Work request: Could you restate word for word only the lines below from the one holding "Latte Tasse mit" to the one holding "南寧軌道地產(chǎn)集團", inclusive, and leave out the pictures?

Source records:
──────
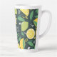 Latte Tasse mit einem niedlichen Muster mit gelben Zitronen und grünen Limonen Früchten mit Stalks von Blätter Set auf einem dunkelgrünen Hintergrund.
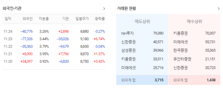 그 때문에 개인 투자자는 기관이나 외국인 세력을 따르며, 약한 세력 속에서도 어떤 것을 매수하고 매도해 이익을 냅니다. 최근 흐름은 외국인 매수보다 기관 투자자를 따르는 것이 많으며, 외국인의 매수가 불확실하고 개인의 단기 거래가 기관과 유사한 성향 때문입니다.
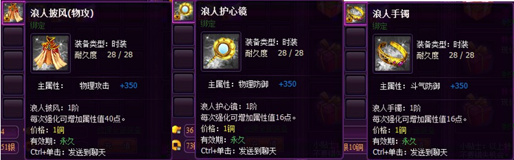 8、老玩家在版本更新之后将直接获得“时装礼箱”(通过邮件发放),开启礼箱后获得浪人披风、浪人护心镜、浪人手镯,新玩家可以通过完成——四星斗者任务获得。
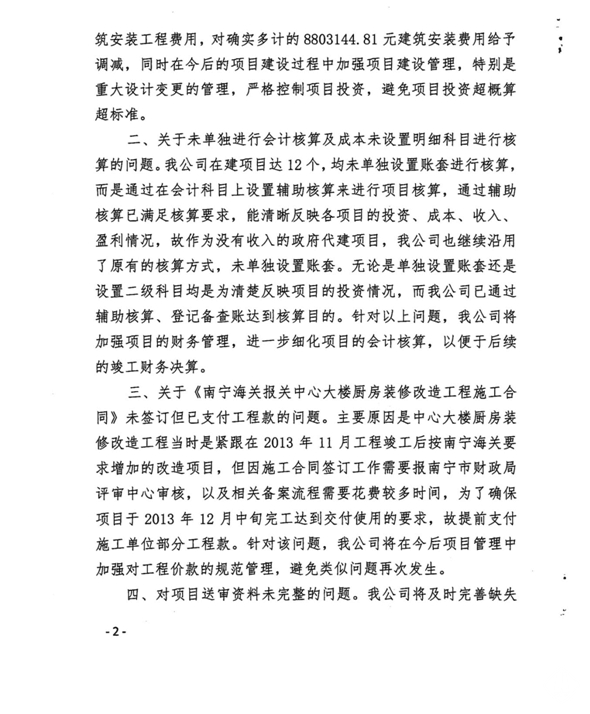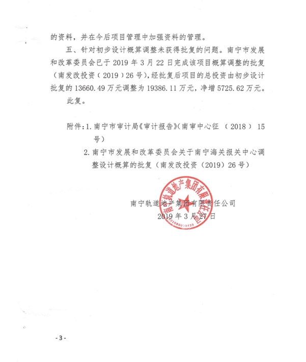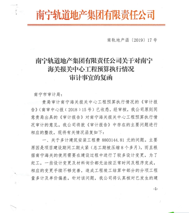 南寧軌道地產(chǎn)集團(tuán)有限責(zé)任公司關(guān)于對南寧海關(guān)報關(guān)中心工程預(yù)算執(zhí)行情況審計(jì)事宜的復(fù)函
──────
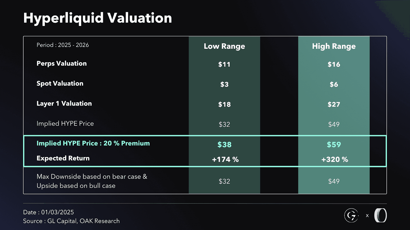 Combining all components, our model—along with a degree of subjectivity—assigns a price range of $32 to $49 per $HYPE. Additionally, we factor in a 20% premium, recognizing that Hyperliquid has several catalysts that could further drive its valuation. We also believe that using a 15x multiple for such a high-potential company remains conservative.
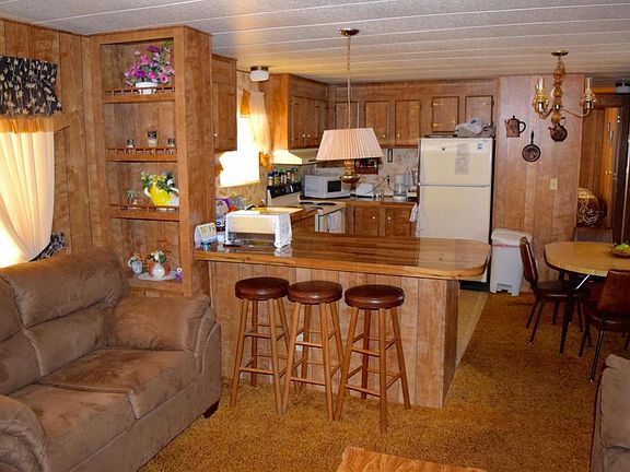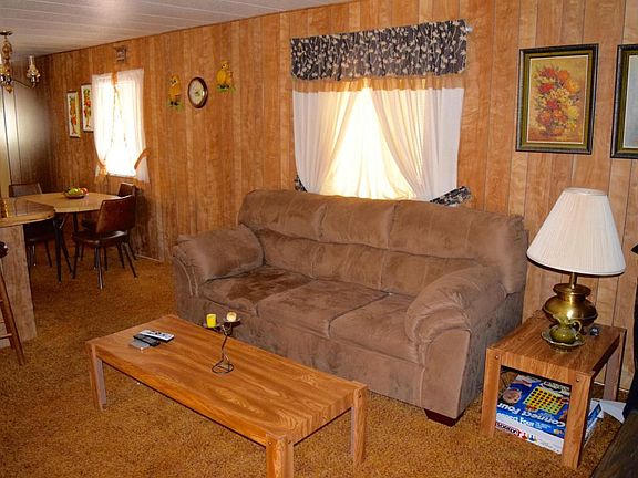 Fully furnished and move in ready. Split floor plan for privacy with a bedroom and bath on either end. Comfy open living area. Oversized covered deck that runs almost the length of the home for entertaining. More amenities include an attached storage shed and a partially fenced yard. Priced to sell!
──────
Written answer:
 Latte Tasse mit einem niedlichen Muster mit gelben Zitronen und grünen Limonen Früchten mit Stalks von Blätter Set auf einem dunkelgrünen Hintergrund.
 그 때문에 개인 투자자는 기관이나 외국인 세력을 따르며, 약한 세력 속에서도 어떤 것을 매수하고 매도해 이익을 냅니다. 최근 흐름은 외국인 매수보다 기관 투자자를 따르는 것이 많으며, 외국인의 매수가 불확실하고 개인의 단기 거래가 기관과 유사한 성향 때문입니다.
 8、老玩家在版本更新之后将直接获得“时装礼箱”(通过邮件发放),开启礼箱后获得浪人披风、浪人护心镜、浪人手镯,新玩家可以通过完成——四星斗者任务获得。
 南寧軌道地產(chǎn)集團(tuán)有限責(zé)任公司關(guān)于對南寧海關(guān)報關(guān)中心工程預(yù)算執(zhí)行情況審計(jì)事宜的復(fù)函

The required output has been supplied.